# Task brief
Starting at the line with "The United States", copy each line through the last one below exactly as written, without any pictures.

# Data entries
BEGIN

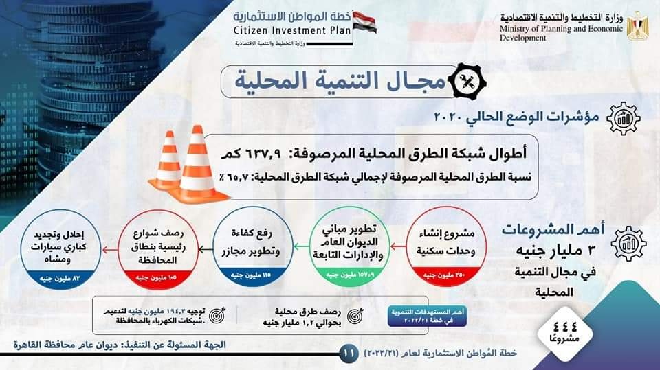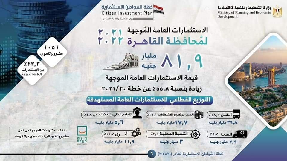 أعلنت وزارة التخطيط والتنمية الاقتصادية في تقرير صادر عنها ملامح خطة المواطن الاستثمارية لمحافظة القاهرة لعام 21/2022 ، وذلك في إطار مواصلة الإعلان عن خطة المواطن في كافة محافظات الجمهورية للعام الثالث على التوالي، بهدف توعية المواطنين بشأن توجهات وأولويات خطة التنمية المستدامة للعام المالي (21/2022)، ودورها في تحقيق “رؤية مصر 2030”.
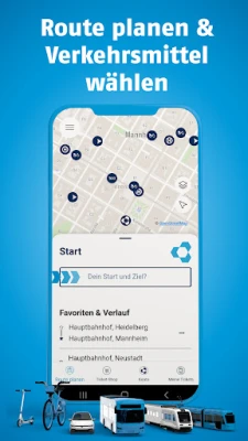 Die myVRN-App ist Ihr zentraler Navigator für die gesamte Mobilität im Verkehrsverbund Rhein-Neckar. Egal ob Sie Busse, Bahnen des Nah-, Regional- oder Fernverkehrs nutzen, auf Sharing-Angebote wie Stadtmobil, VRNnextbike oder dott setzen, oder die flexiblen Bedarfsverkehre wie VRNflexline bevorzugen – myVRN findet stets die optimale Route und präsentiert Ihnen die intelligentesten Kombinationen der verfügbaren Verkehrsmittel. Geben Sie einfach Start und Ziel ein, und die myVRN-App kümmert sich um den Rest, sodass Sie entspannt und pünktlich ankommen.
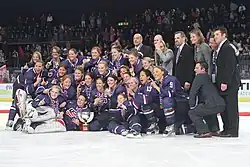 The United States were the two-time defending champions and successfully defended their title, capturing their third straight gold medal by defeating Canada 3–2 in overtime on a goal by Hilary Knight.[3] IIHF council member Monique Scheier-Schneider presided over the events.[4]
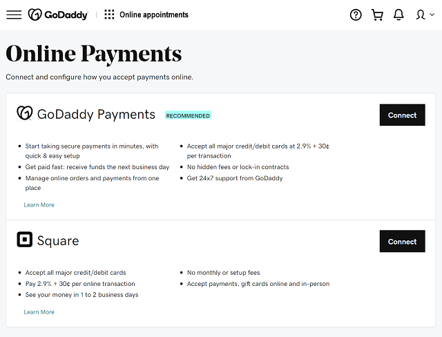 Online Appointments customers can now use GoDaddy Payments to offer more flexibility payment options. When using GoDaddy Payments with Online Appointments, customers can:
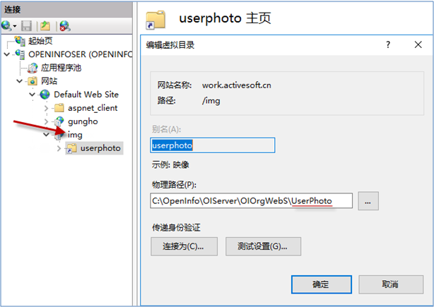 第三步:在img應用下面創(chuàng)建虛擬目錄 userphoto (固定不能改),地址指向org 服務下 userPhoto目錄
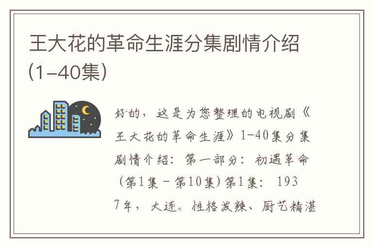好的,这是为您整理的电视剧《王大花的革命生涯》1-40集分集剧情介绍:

END

# Solution to the problem
 The United States were the two-time defending champions and successfully defended their title, capturing their third straight gold medal by defeating Canada 3–2 in overtime on a goal by Hilary Knight.[3] IIHF council member Monique Scheier-Schneider presided over the events.[4]
 Online Appointments customers can now use GoDaddy Payments to offer more flexibility payment options. When using GoDaddy Payments with Online Appointments, customers can:
 第三步:在img應用下面創(chuàng)建虛擬目錄 userphoto (固定不能改),地址指向org 服務下 userPhoto目錄
好的,这是为您整理的电视剧《王大花的革命生涯》1-40集分集剧情介绍:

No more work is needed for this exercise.